_Work item_
Reproduce the data below in full and exclude every picture.

_Source data_
#####
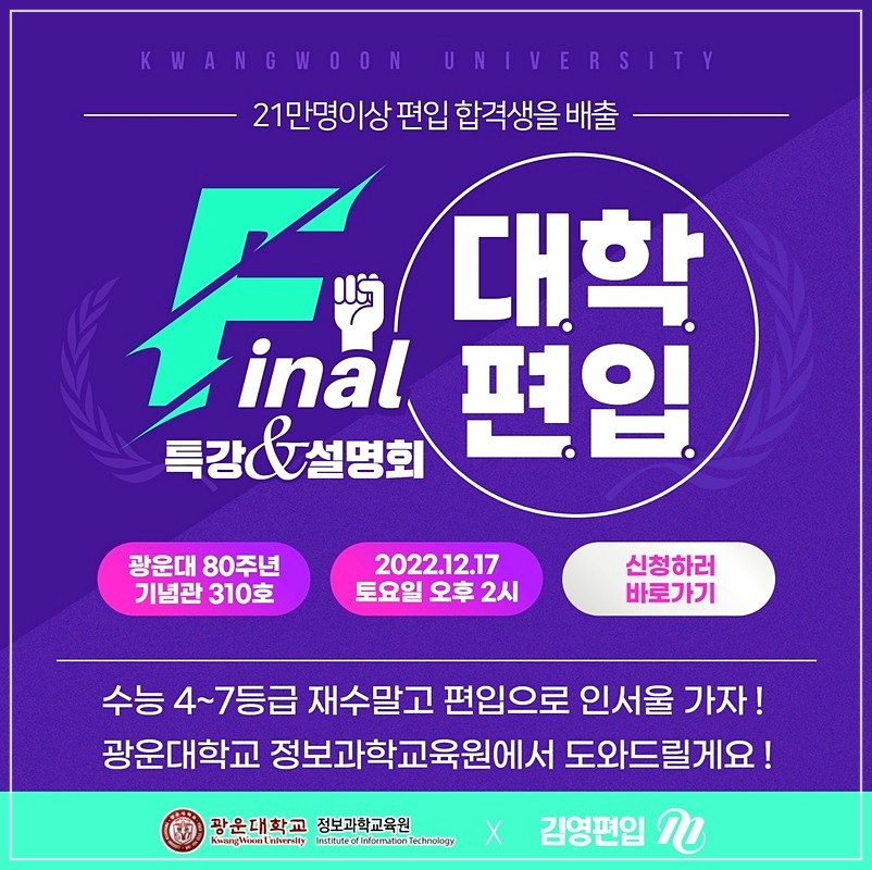 특히 광운대학교 대학원으로 진학하게 된다면 우선선발제도를 통해 수월한 진학이 가능하고
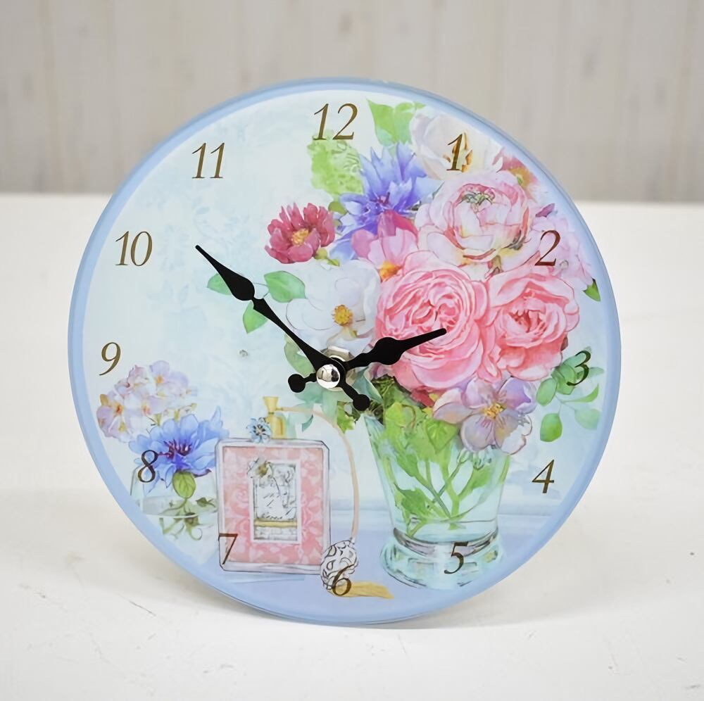ウォールクロック 置き型 掛け型兼用 90068 ローズ柄 薔薇 バラ
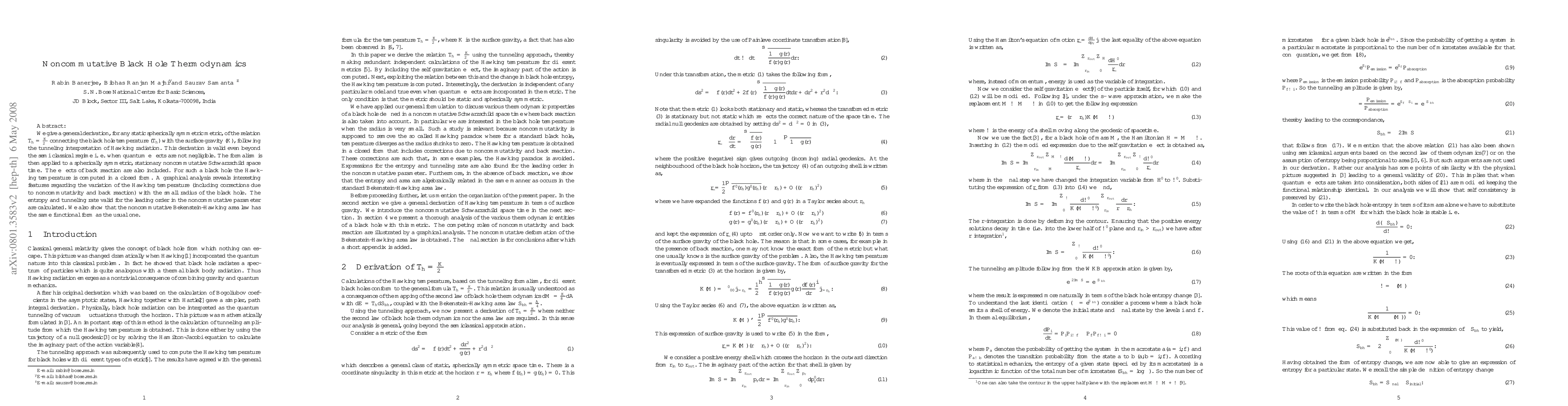 We give a general derivation, for any static spherically symmetric metric, of the relation $T_h=\frac{\cal K}{2\pi}$ connecting the black hole temperature ($T_h$) with the surface gravity ($\cal K$), following the tunneling interpretation of Hawking radiation. This derivation is valid even beyond the semi classical regime i. e. when quantum effects are not negligible. The formalism is then applied to a spherically symmetric, stationary noncommutative Schwarzschild space time. The effects of back reaction are also included. For such a black hole the Hawking temperature is computed in a closed form. A graphical analysis reveals interesting features regarding the variation of the Hawking temperature (including corrections due to noncommutativity and back reaction) with the small radius of the black hole. The entropy and tunneling rate valid for the leading order in the noncommutative parameter are calculated. We also show that the noncommutative Bekenstein-Hawking area law has the same functional form as the usual one.
#####
_Task answer_
 특히 광운대학교 대학원으로 진학하게 된다면 우선선발제도를 통해 수월한 진학이 가능하고
ウォールクロック 置き型 掛け型兼用 90068 ローズ柄 薔薇 バラ
 We give a general derivation, for any static spherically symmetric metric, of the relation $T_h=\frac{\cal K}{2\pi}$ connecting the black hole temperature ($T_h$) with the surface gravity ($\cal K$), following the tunneling interpretation of Hawking radiation. This derivation is valid even beyond the semi classical regime i. e. when quantum effects are not negligible. The formalism is then applied to a spherically symmetric, stationary noncommutative Schwarzschild space time. The effects of back reaction are also included. For such a black hole the Hawking temperature is computed in a closed form. A graphical analysis reveals interesting features regarding the variation of the Hawking temperature (including corrections due to noncommutativity and back reaction) with the small radius of the black hole. The entropy and tunneling rate valid for the leading order in the noncommutative parameter are calculated. We also show that the noncommutative Bekenstein-Hawking area law has the same functional form as the usual one.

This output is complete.